Simerini
- Type: Daily newspaper
- Format: tabloid
- Owner: Dias Publishing House Ltd
- Founder: Costas Ν. Hadjicostis
- Editor: Skevi Stavrou
- General manager: Andis Hadjicostis (2002-2010)
- Founded: 1976
- Political alignment: Right-wing
- Headquarters: Nicosia, Cyprus
- Website: simerini.sigmalive.com

= Simerini =

I Simerini (English: The Daily) is a centre-right Greek language independently owned newspaper published in Cyprus since 1976. It is one of the largest newspapers on the island with a daily circulation of around 9,000 copies. Other daily Greek language newspapers (2013) published in Cyprus are Haravgi, Phileleftheros, and Politis.

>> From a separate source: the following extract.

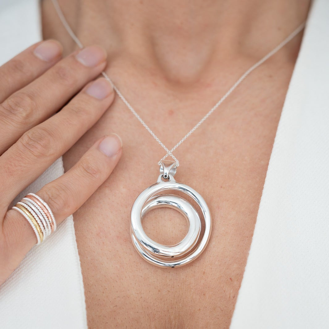 De Elin hanger bestaat uit twee in elkaar gevlochten zilveren ringen – een tijdloos symbool van eenheid en harmonie, elegant en subtiel vormgegeven.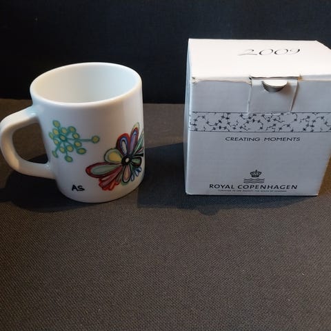 Lille årskrus designet af Sten Lykke Madsen. Royal Copenhagen krus nr 495 fra år 2002. Ca 7,5 cm højt og en diameter på 6,5 cm. Set til 400 kr.

The paper's motto reads: "Όποιος Ελεύθερα Συλλογάται Συλλογάται Καλά" ("Opios Elefthera Silogate, Silogate Kala") which translates into English as "He who thinks freely, thinks well" a quote taken from Rigas Feraios.

== Historical data for the paper ==

According to Μεγάλη Κυπριακή Εγκυκλοπαίδεια (as of 1989), the first issue of this daily newspaper appeared on 3.2.1976.
The encyclopedia also gives more details like the names of the seven journalists who originally cooperated to start the newspaper. From the start the chief editor was Alecos Constantinides until 1982 when he was replaced by Savvas Jacovides. Until then the Director was Kostis Hadjikostis. Alecos Constaninides had moved to become the chief editor of Alithia, which had then changed from a weekly to daily.
Originally the size of the Simerini was broadside (57X43 cm)while currently is tabloid.

=== Paper archive ===
All issues after 2005 are available for free in PDF format at the newspaper's website. This archive starts with the 2005 issue of 3 November. The price was 50 cents of the Cyprus pound. The current price of the daily (2014) is one euro while the Sunday edition is 3 euros and includes the OK magazine. This information appears on the second page of the electronic edition.

The issue of 10 July 1982 (number 5232) has a broadsheet format. The editor is Alecos Constantinides. The offices of the paper at that time are at 4 Annis Komninis, Nicosia. A hearing from a court case of the newspaper against another Cypriot paper of the time is presented on the first page of the paper.